Set the pictures aside and set down only the lines from the line holding "Android iOS PS4" through the end of the entries below, ends included.

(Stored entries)

----

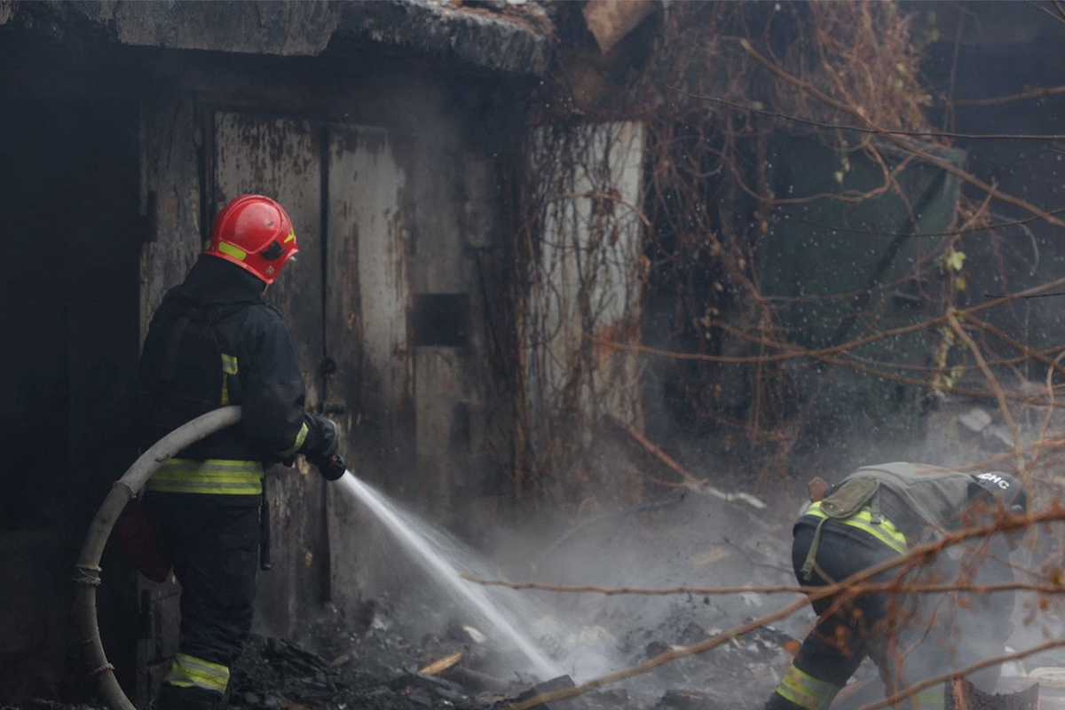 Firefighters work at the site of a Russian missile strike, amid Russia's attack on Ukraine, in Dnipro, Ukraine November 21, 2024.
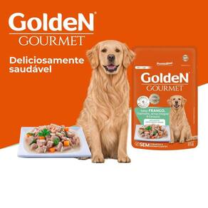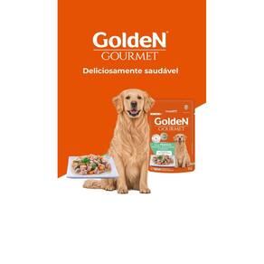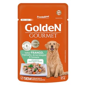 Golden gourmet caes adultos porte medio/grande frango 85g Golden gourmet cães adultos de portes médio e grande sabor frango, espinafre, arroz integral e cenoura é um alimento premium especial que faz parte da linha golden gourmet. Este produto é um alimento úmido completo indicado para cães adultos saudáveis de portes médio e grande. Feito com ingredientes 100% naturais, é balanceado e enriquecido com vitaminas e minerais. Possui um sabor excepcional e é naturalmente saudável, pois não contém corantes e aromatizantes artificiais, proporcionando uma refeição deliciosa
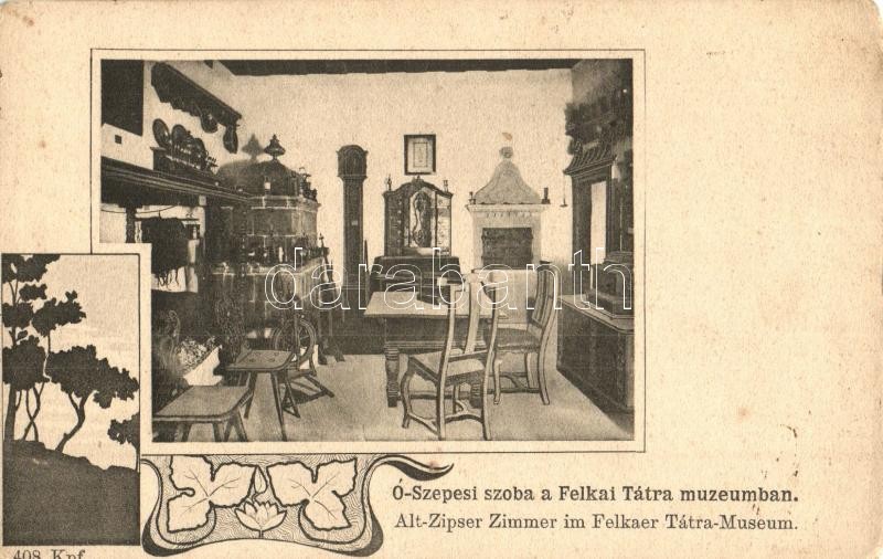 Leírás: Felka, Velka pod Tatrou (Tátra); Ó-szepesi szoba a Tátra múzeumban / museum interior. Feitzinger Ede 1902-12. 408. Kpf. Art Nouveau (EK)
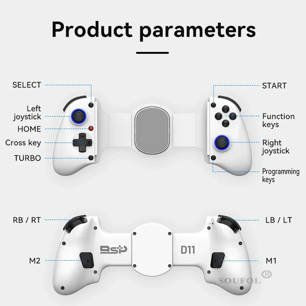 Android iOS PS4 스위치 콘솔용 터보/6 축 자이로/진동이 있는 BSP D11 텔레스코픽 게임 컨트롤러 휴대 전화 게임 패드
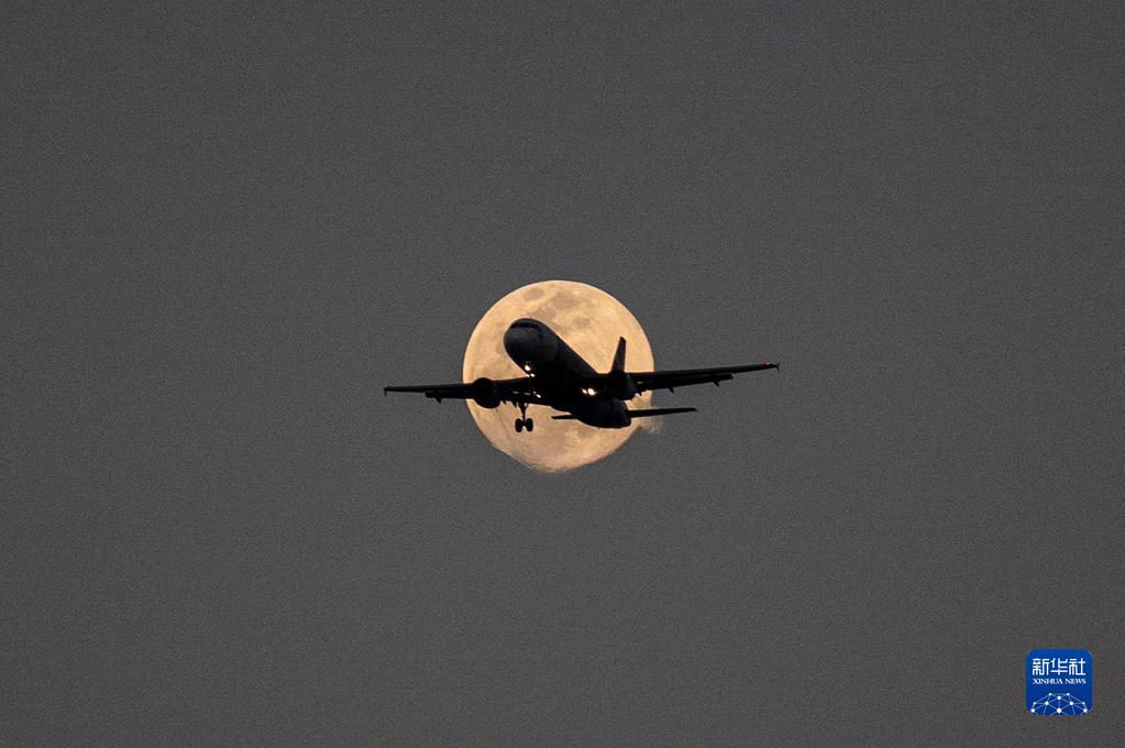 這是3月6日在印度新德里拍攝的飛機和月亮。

----

Response to the task
 Android iOS PS4 스위치 콘솔용 터보/6 축 자이로/진동이 있는 BSP D11 텔레스코픽 게임 컨트롤러 휴대 전화 게임 패드
 這是3月6日在印度新德里拍攝的飛機和月亮。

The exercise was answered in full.